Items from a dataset
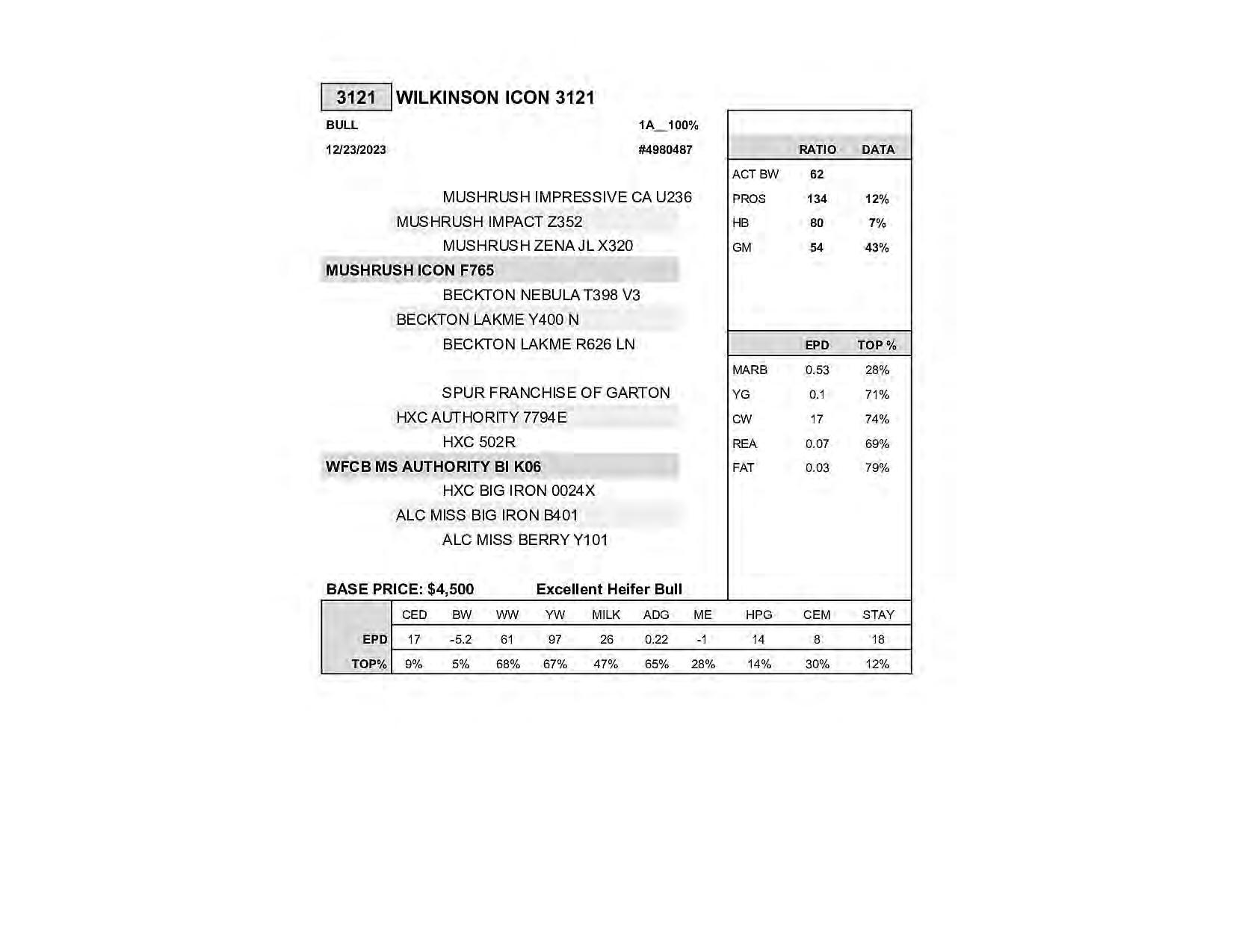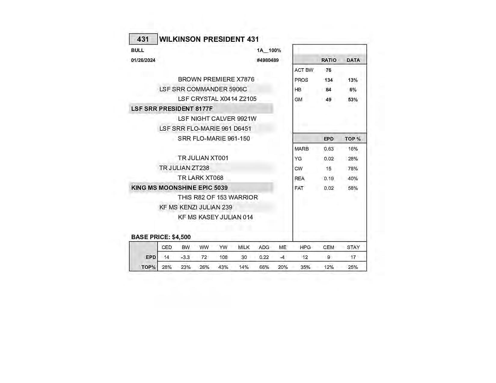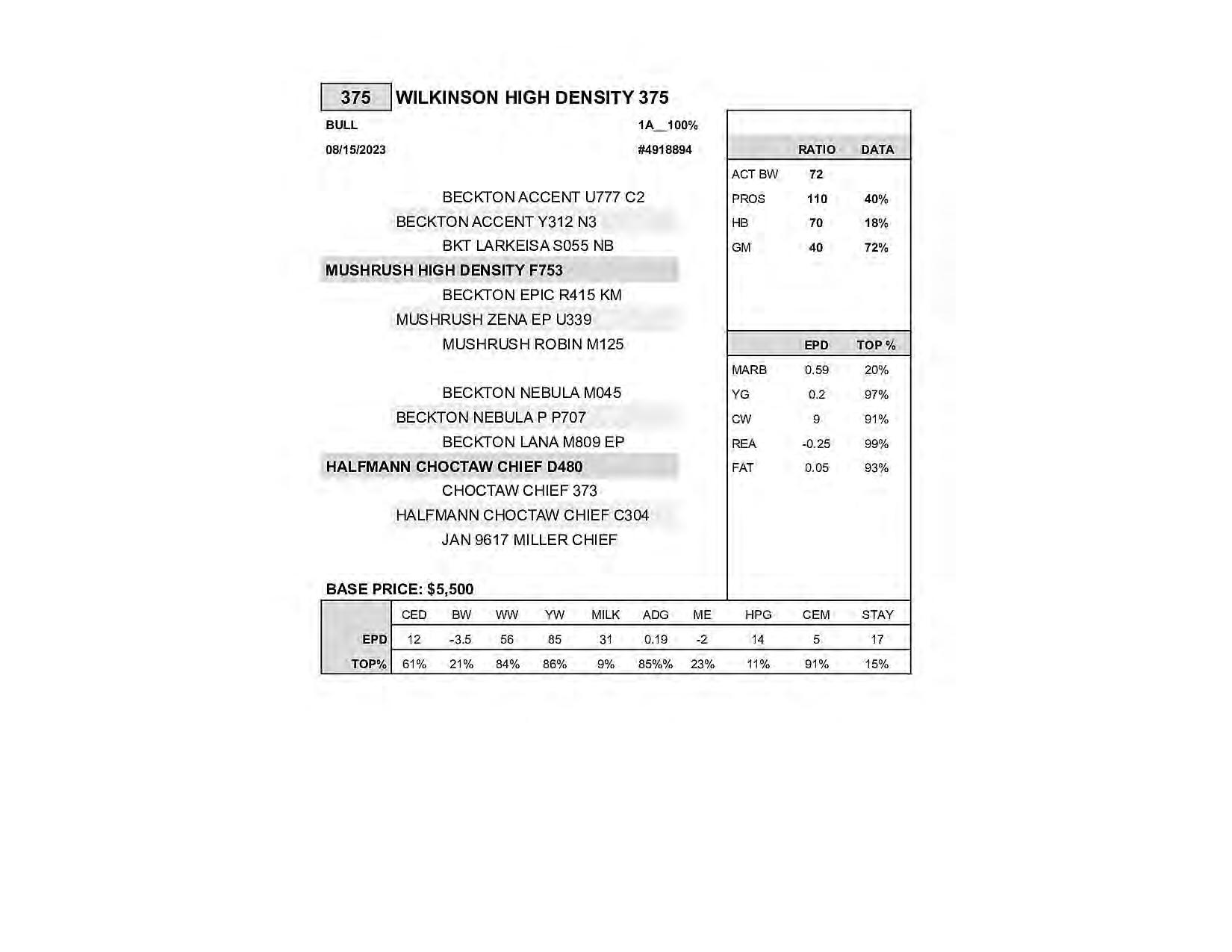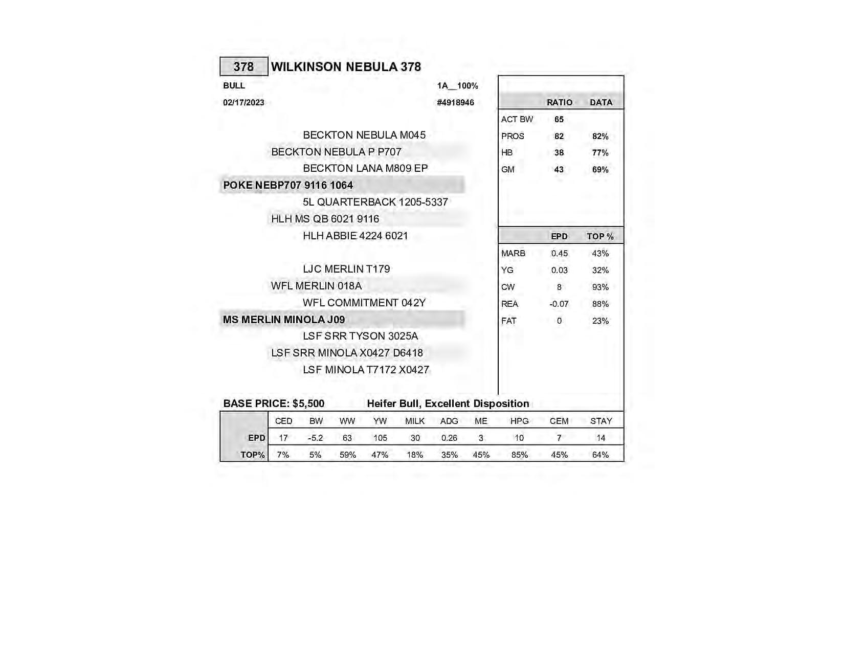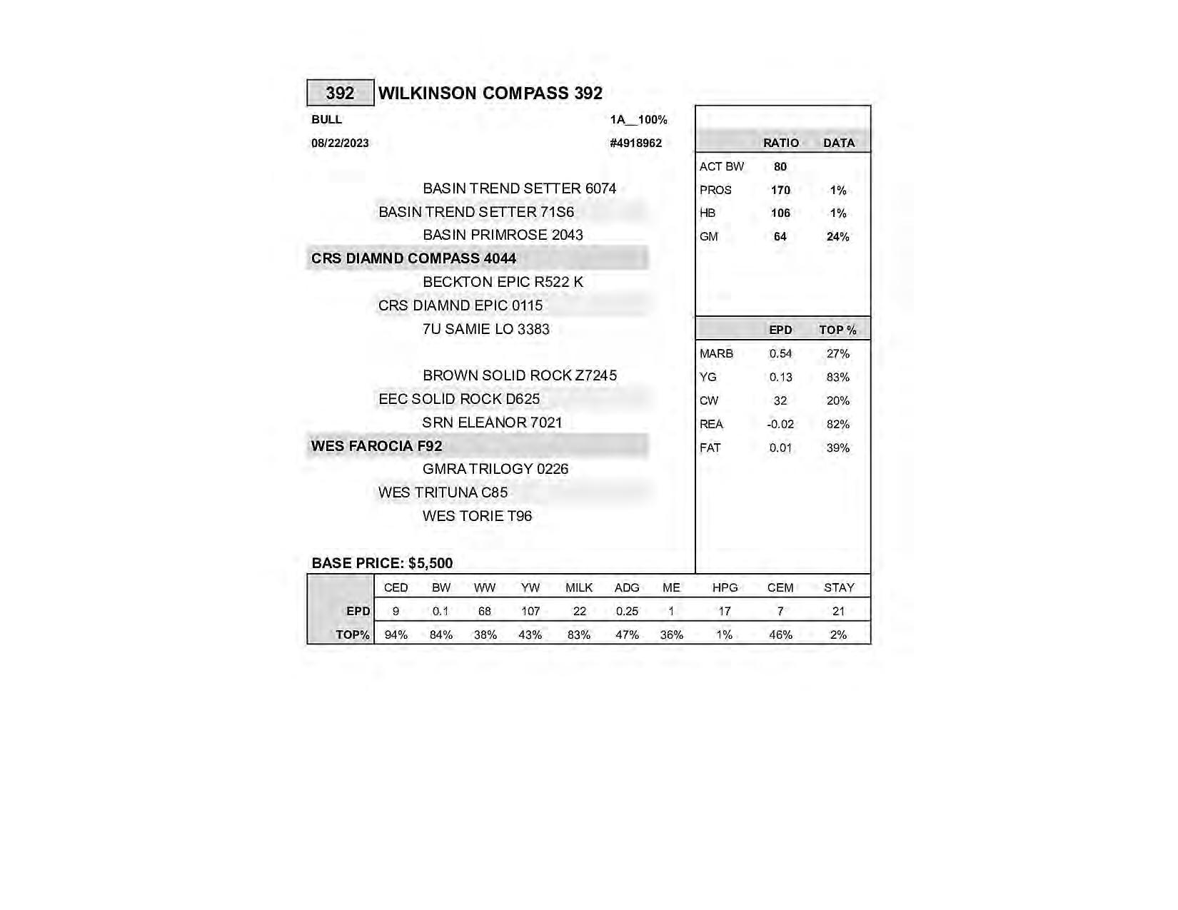 This year we made a few changes to base prices for di erent bulls. Along with the current record-high price market, our need for a few more bulls on the ground this year has led us to price some animals higher, due to our desire to possibly retain them within our program. However, we are happy to sell them if we can get what we feel they are worth. Furthermore, there are a few bulls premiered without a price (382 - 1A Red Angus and L04 - PB Simmental). These bulls have been standouts since birth, and due to their genetic potential and phenotype, we are not putting a price on them. However, we would be open to negotiation on outright or part-interest purchase to any parties interested. If someone is interested and would like to visit about these 2 bulls (382 & L04) please reach out for more details.
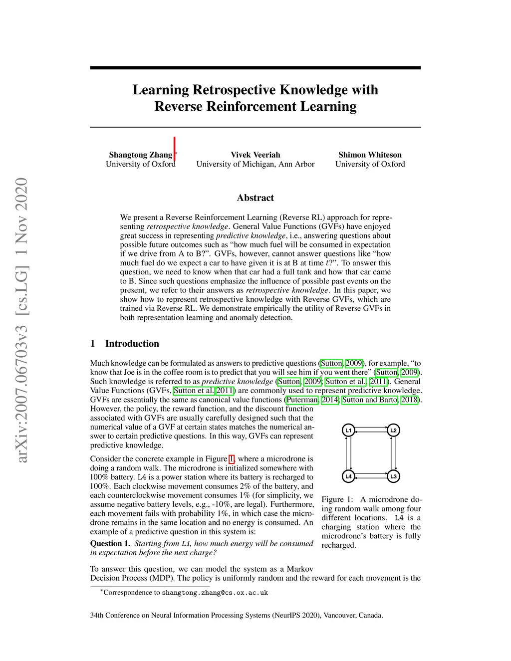 We present a Reverse Reinforcement Learning (Reverse RL) approach for representing retrospective knowledge. General Value Functions (GVFs) have enjoyed great success in representing predictive knowledge, i.e., answering questions about possible future outcomes such as "how much fuel will be consumed in expectation if we drive from A to B?". GVFs, however, cannot answer questions like "how much fuel do we expect a car to have given it is at B at time ?". To answer this question, we need to know when that car had a full tank and how that car came to B. Since such questions emphasize the influence of possible past events on the present, we refer to their answers as retrospective knowledge. In this paper, we show how to represent retrospective knowledge with Reverse GVFs, which are trained via Reverse RL. We demonstrate empirically the utility of Reverse GVFs in both representation learning and anomaly detection.
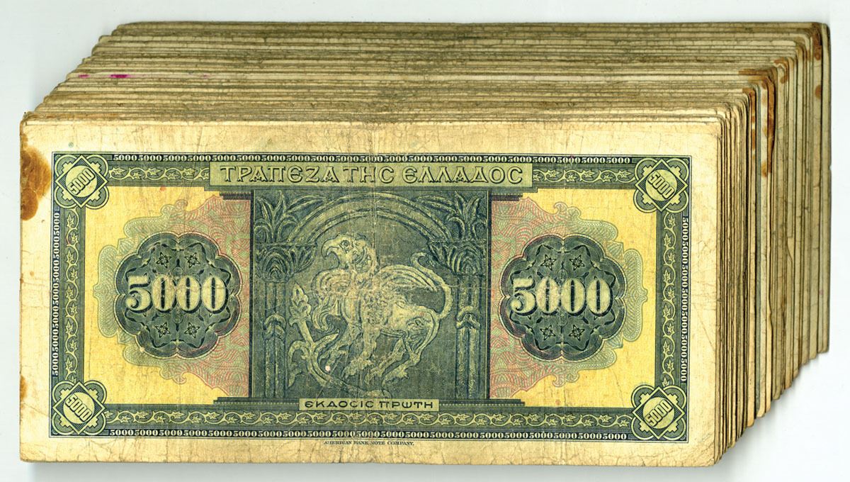 Greece, 1932. 5000 Drachmai, P-103a (100), Issued Banknote Assortment, Brown with pink and m/c underprint with Athena at center, Back is green with mythical bird at center, Notes are in Choice VG to Choice Fine condition. ABNC. (100). Sold "AS IS" no returns accepted.
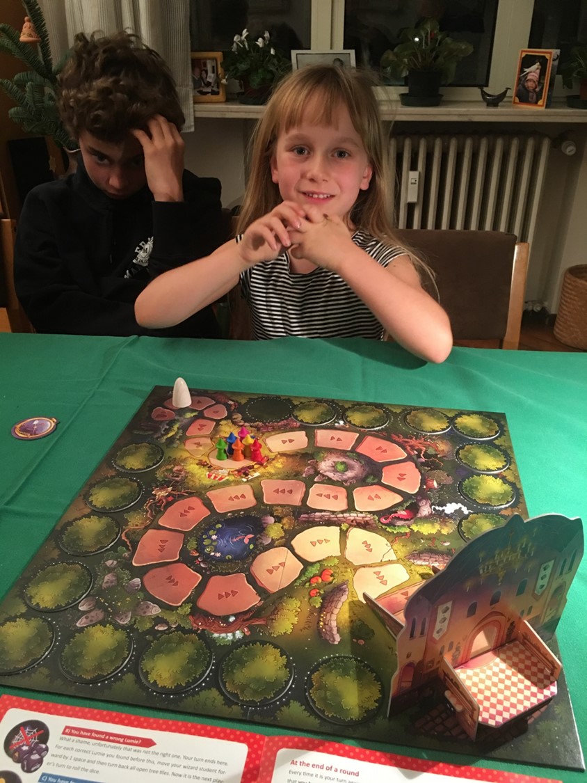 C’est un super jeu pour enfant au plateau magnifique et attrayant. Le découpage en une partie collaborative, ou on apprend, et un final solitaire plus tendu est très réussi.
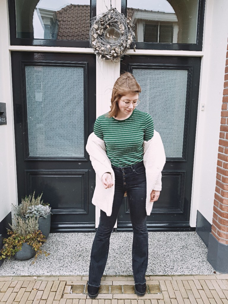 If you guys follow me on IG, you probably know about my love for stripes. My closet is full of striped shirts in so many colors and I think they just look good with everything. So, it was a surprise when I noticed there isn’t one outfit with stripes on my blog yet! The look I’m sharing with you guys today is also about my other love: flared jeans. These jeans just make my legs look longer and instantly make me feel like a total fashionqueen ;p As you guys may know, next week I’m going to Amsterdam and I’m taking lots of outfits with me. That’s also why I’ll be posting on Sunday next week, so I can immediately share one of my Amsterdam outfits with you. Apart from Amsterdam, there is also a cool collab with Polette Eyewear coming up (yayyy!). Ohh and one more thing: I also found some pretty white ankle boots already (I was talking about that two weeks ago, remember?) ;p

- GOAL OF THE EXERCISE -
Leaving out each picture, repeat exactly the lines above from the one that contains "Greece, 1932. 5000" through the one that contains "C’est un super".

- ANSWER BELOW -
 Greece, 1932. 5000 Drachmai, P-103a (100), Issued Banknote Assortment, Brown with pink and m/c underprint with Athena at center, Back is green with mythical bird at center, Notes are in Choice VG to Choice Fine condition. ABNC. (100). Sold "AS IS" no returns accepted.
 C’est un super jeu pour enfant au plateau magnifique et attrayant. Le découpage en une partie collaborative, ou on apprend, et un final solitaire plus tendu est très réussi.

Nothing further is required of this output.